Вот оно, это привычное чувство обороны, в которое вернулась Мира и почувствовала себя уверенней.

– Боли?

– Да, боли.

– Странный переход. Но ведь способность, ну или предрасположенность, причинять боль – это тоже не половая особенность. Это, в принципе, особенность людей. Как Вы думаете, в чём четыре настоящих катастрофы в отношениях людей? Не проблемы, а именно трагедии?

– В эгоизме? В нелюбви к ближнему? В склонности ко лжи?
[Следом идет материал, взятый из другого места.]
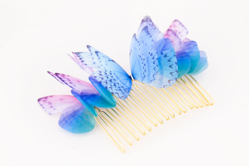 This hair comb accessory brings delicate silk butterflies to life in your hair, adding a touch of hopeless romance to your look. The butterflies wings are made from fine printed silk, each with subtle size variations, creating a volume that makes the wings flutter with every move.
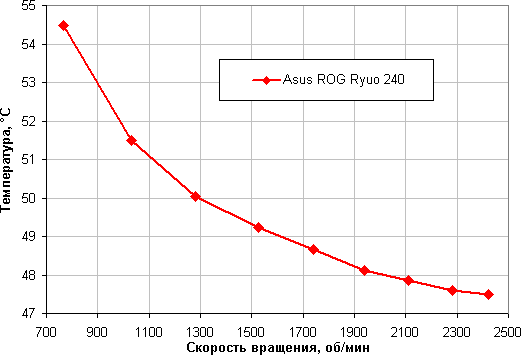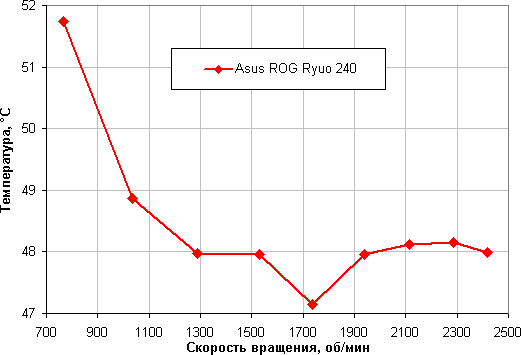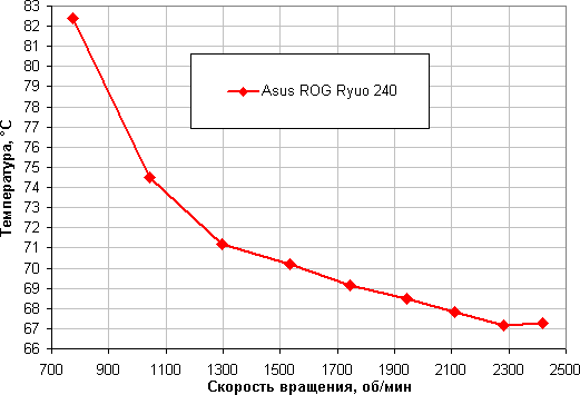 Зависимость температуры процессора AMD Ryzen Threadripper 1920X при его полной загрузке от скорости вращения вентиляторов:
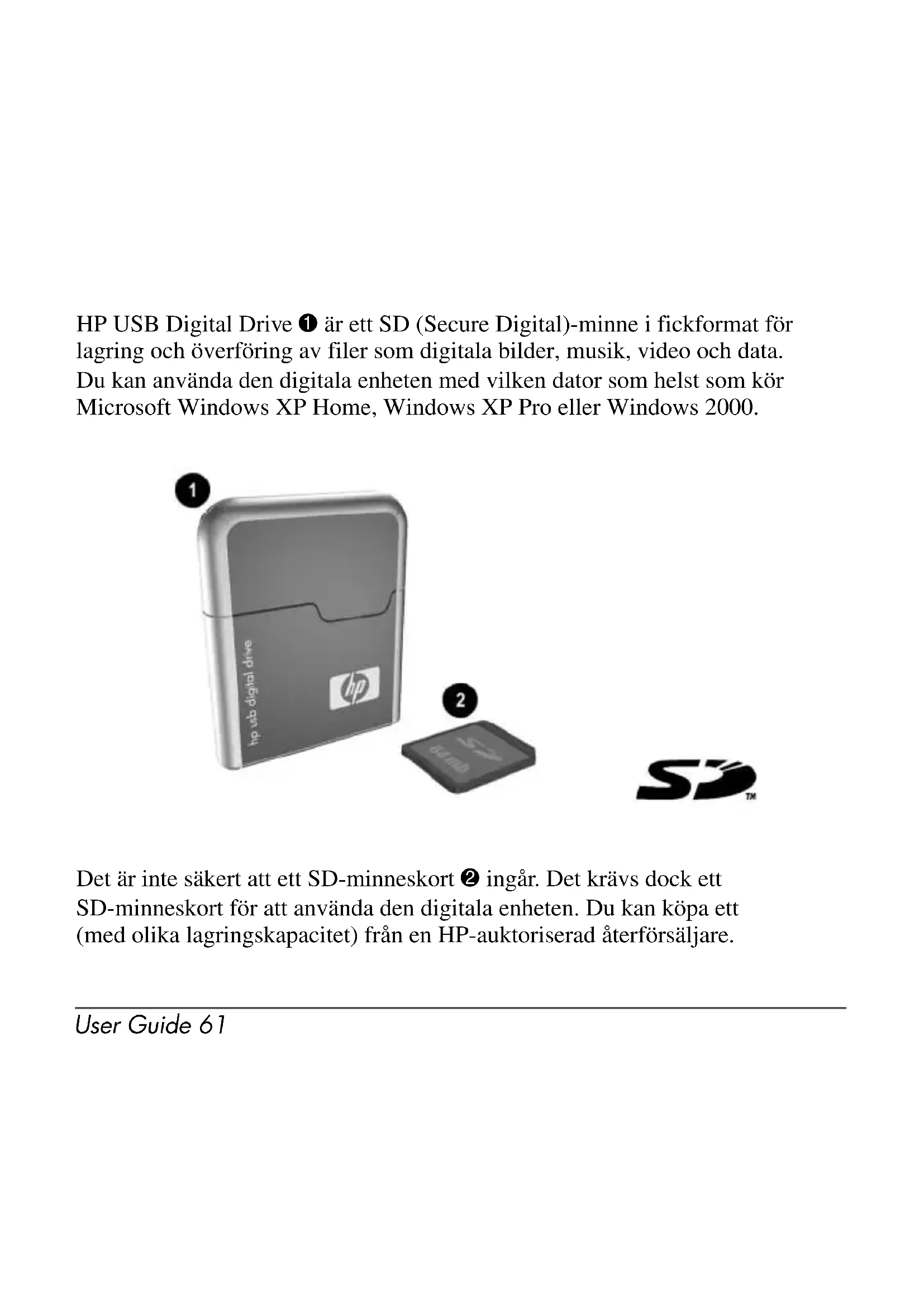 Försök inte att dra ut SD-minneskortet när statuslampan på den digitala enheten blinkar. » När du har kopplat bort den digitala enheten från datorn drar du försiktigt ut SD-minneskortet från den digitala enheten.70 User Guide Få teknisk support Supporttjänster är tillgängliga på Internet via HP:s tekniska support. Du kan bläddra igenom meddelanden som gäst eller registrera dig som användare och ställa egna frågor. HP besvarar frågor inom kort. Du får åtkomst till HP:s tekniska support genom att gå till HP:s webbplats http://www.hp.com och välja ditt land eller område. När du ringer teknisk support bör du ha följande tillgängligt: ■ HP USB Digital Drive ■ Förhållandena under vilka felet uppstod ■ Eventuella felmeddelanden som visats ■ Maskinvara och program som du använderUser Guide 7172 User GuideUser Guide 7374 User G u i d eUser Guide 7576 User Guid eUser Guide 77 ✎78 User GuideUser Guide 7980 User GuideUser Guide 8182 User GuideUser Guide 8384 User GuideUser Guide 8586 User GuideUser Guide 8788 User GuideUser Guide 8990 User GuideUser Guide 9192 User GuideUser Guide 9394 User GuideUser Guide 9596 User GuideUser Guide 9798 User GuideUser Guide 99100 User GuideUser Guide 101102 User GuideUser Guide 103104 User GuideUser Guide 105106 User GuideUser Guide 107108 User GuideUser Guide 109110 User Guide© 2003 Hewlett-Packard Development Company, L.P. Microsoft and Windows are trademarks of Microsoft Corporation in the U.S. and/or other countries. SD Logo is a trademark. The information contained herein is subject to change without notice. The warranties for HP products and services are set forth in the express warranty statements accompanying such products and services. HP shall not be liable for technical or editorial errors or omissions contained herein. User Guide HP USB Digital Drive First Edition July 2003

В... В... Что там четвёртое?

– Первая катастрофа людей – в их неготовности принимать друг друга. Они не позволяют человеку быть кем-то не тем, кем они хотят, чтобы он был. Он должен соответствовать.
Вторая катастрофа людей – в желании обладать. Особенно, другим человеком, всецело.
Третья катастрофа людей – в их неумении отпускать.
Четвертая – в нежелании быть благодарным.

– Да... Но как же тогда неспособность любить?

– Любовь обросла огромным количеством трактовок и определений, но те, кто побывал в её благодатном пространстве, знают, что ни одно умозаключение не является любовью, – а лишь попыткой представить её своим израненным, изможденным, обезлюбленным сердцем и истощенным всей этой философией разумом. Любовь – это то, что с вами случается, когда вы, выжив, победили в этих катастрофах.

Мира замерла. В её теле маленькими разрядами отдавались последние слова. Она не умела отпускать. И принимать "иных", "других", "не таких" она тоже никогда не могла. И ей всегда хотелось "усовершенствовать" другого. И, пожалуй, – это было первое столь явное откровение перед самой собой. Но самое неприятное ощущение в её теле доставляло быстро твердеющее чувство неспособности противостоять этим словам. Она хотела сопротивляться, в её голове одна за другой выстреливали разрозненные одиночные "аргументы", но ни одна мысль не соглашалась быть выраженной.

Слайд за слайдом, сотые секунд листали эпизоды её чувственных переживаний. Значит, и не было любви? Все четыре "катастрофы" были россыпью небрежно разбросаны по всей её жизни.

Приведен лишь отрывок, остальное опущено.